The internet broadband cables are the roads in the city. Each house is a computer and the address of the house is the IP address. The house can recieve and send mail. To establish a mail exchange they follow a rule in a particular sequence. House A looks for a House B and asks him if he would like to chat. If House B accepts then the enter into a exclusive one to one seesion and continue there mail exchange. This is TCP/IP.
Sometimes House A just wants to drop a message to House B and does not want to get into a converstaion. In this case he just writes down the address of House B and sends the package. House B decides to keep or discard it. This is UDP.

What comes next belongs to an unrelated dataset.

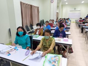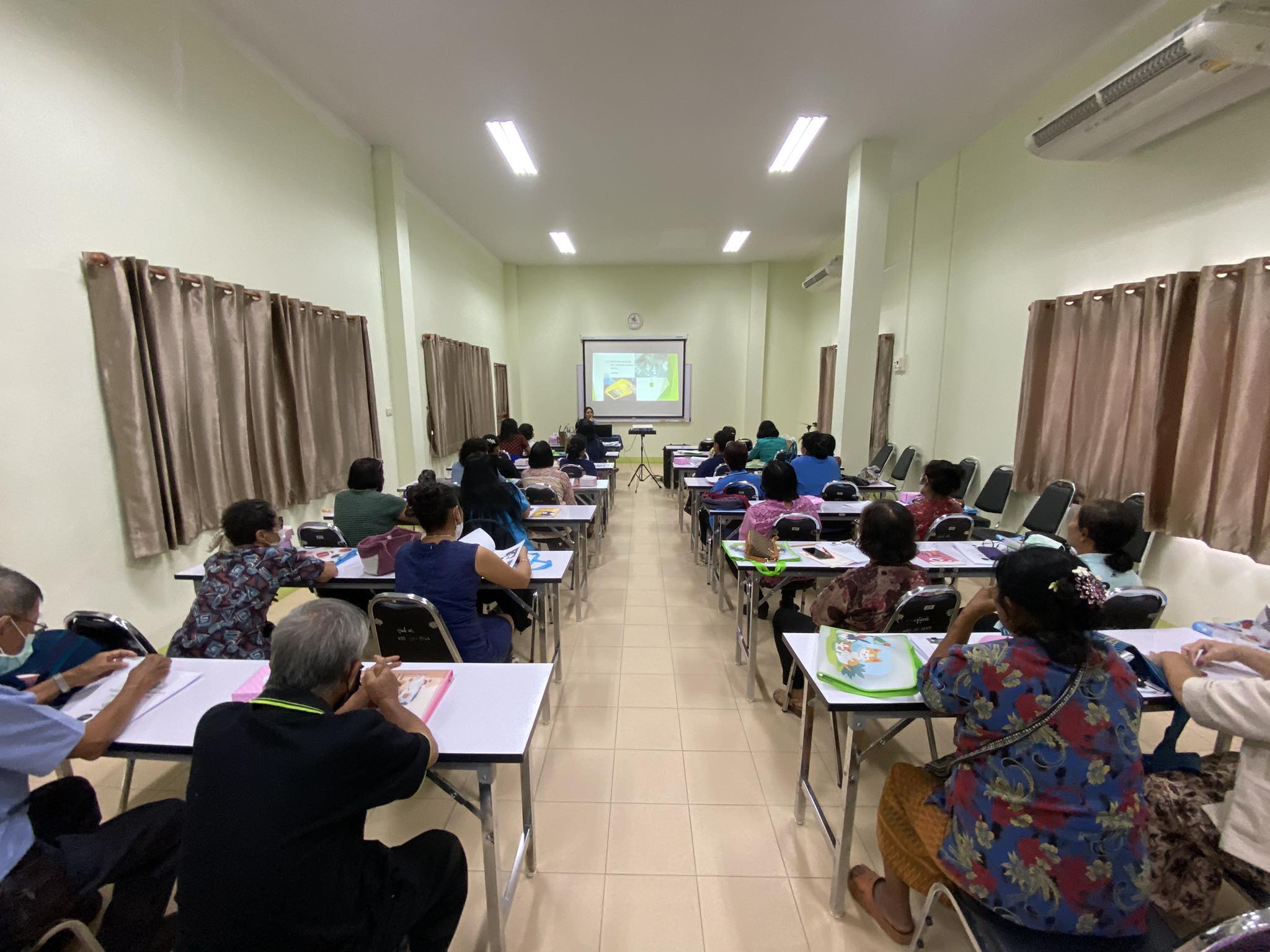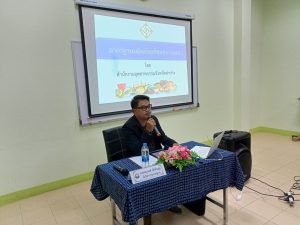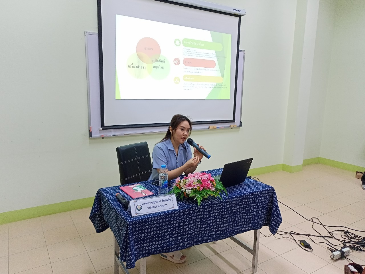 – นางสาวเบญจมาศ ชัยวังเย็น เภสัชกรชำนาญการ สำนักงานสาธารณสุขจังหวัดลำปาง บรรยายให้ความรู้เรื่อง แนวทางการขึ้นทะเบียนผลิตภัณฑ์อาหารและยา (อย.)

Now there is another House called 'WEB'. It stores lot of information about the world. House A wants to get some information from there and read it as he is reading a book. So House A opens up his browser(like internet explorer) and types in the address of House WEB. The browser which is like a page of your book now uses another set of rules to communicate with House WEB. This is called HTTP. HTTP rides over TCP/IP. HTTP uses lot of single sessions to communicate and once the answer to your query is got the conncetion is dropped. Every time you click on a link you send a HTTP request query to the House WEB. It is like a bus leaves your house everytime you click on a link. The passengers in the bus have this message for ex "Take me to ABCD restaurant". House WEB sees this message and fills in the address of ABCD restaurant in the BUS and sends it back to House A. Now the bus service has terminated and this was a single session. The format of the message returned from House WEB can be of different types. So they use a format called MIME(Multiple internet mail exchange). So for example if the address to the restaurant returned by the House WEB is a picture format, then this format is registered and sent to House A so that he know to open up a picture viewer to see the data.
House WEB can be providing lot of services, web server(HTTP request) may be one of them. So to keep each service separate it has a separate door for each of them. These doors are called ports and each a fixed number. For HTTP we have port number 80 as the default door number.